Drug Enforcement Administration agents have charged Pascal Shaun Laporte with possession with intent to distribute, claiming that he was willing to buy two kilograms of cocaine from officers posing as Mexican gang members late last month. In an affidavit filed in federal court, the agents allege that Laporte unwittingly spoke with a police informant for close to a year as he looked to find a supplier to sell him hundreds of kilograms of cocaine each month.
Laporte opened Clarendon Fitness, a gym located at 2907 Wilson Blvd, back in 2010 and bills himself as a fitness enthusiast and investor on the business’s website.

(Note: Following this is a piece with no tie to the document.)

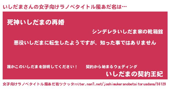 | ヘコむあだ名 | 『いしだま(小並感)』『いしもー』 |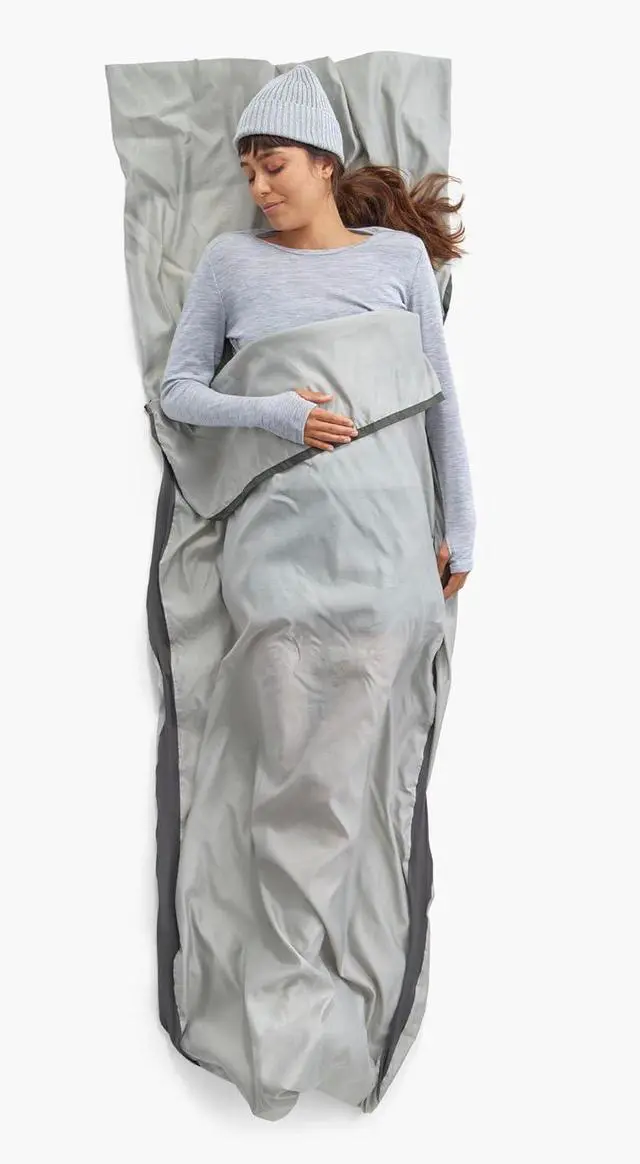 Designed primarily for comfort, the Silk Blend Liner adds warmth to your sleeping bag via the 72% Thermolite Pro yarns with infra red technology, Thermolite EcoMade bers and 28% silk. The combination creates a soft, luxurious sleep environment. Comfort Stretch Panels along the seams boost sleeping comfort. Shoulder openings and a drawcord footbox add temperature regulation (and match the Free-Flow zippers of sleeping bags).

Neither Laporte nor his attorney responded to requests for comment on the drug charges.
The DEA claims that an informant first told agents about Laporte’s interest in finding a “cocaine supplier” in September 2017. Officials allege that Laporte paid the informant $1,600 to buy an ounce of cocaine two months later, striking a deal in the parking lot of the Arlington Traditional School (855 N. Edison Street).
By August, the informant arranged a meeting between Laporte and two Fairfax County police officers posing as members of “a Mexican drug trafficking organization” at the Tysons Corner mall. Laporte told them he was already “involved with another group of men who were getting him cocaine,” but that he was interested in buying much more, according to the affidavit.

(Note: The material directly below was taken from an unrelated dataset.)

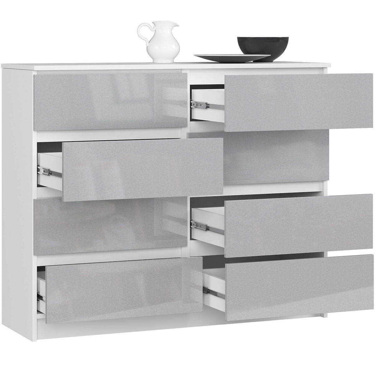 Nabízíme velkou komodu s 8 zásuvkami. Komoda má bílý polomatný korpus vyrobený z laminované desky o tloušťce 16 mm, která je velmi odolná proti oděru. Čela jsou vyrobena z MDF desky s akrylovým povlakem o tloušťce 19 mm, který se vyznačuje vysokou trvanlivostí a je odolný proti vyblednutí vlivem intenzivního slunečního světla. Hrany jsou opatřeny ABS hranou, která zajišťuje vysokou ochranu proti mechanickému poškození a oděru. Zásuvky bez úchytek mají moderní barvu metalik s vysokým leskem. Zásuvky jsou vedeny na kovových kuličkových pojezdech. Komoda má jednoduchý a zároveň velmi univerzální vzhled. Dokonale se hodí do každého interiéru, bude vypadat stejně dobře v obývacím pokoji, ložnici nebo dokonce v kanceláři. Díky velmi prostorným a objemným zásuvkám bude v každé místnosti pořádek. K tomuto modelu komody lze úspěšně sladit další nábytek ze série CLP.

Later that month, Laporte told the informant that he was coordinating with associates in both South Carolina and Florida, and hoped to buy as much as 10 kilograms of cocaine moving forward, if an initial deal with the undercover detectives went well.

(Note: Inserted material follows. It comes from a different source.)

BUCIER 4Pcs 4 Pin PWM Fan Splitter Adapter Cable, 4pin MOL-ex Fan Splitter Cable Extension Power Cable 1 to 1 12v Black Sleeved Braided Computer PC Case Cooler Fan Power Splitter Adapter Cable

On Aug. 30, the agents claim that the informant was able to arrange the sale at a Tysons Corner hotel, at which point Laporte delivered them $45,000, pledging to give them another $5,000 the next day. At that point, officers arrested Laporte.
Court records show Laporte was released from jail on a $30,000 bond on Sept. 6.
These drug charges are not Laporte’s first run-in with law enforcement. Arlington court records show he pleaded guilty to felony assault and battery in 2007, though the charge was eventually reduced to a misdemeanor.
Police also charged him with attempted malicious wounding and the assault and battery of a family member in 2014, but declined to move forward with those charges — he subsequently pleaded guilty to one count of disorderly conduct for preventing someone from dialing 911.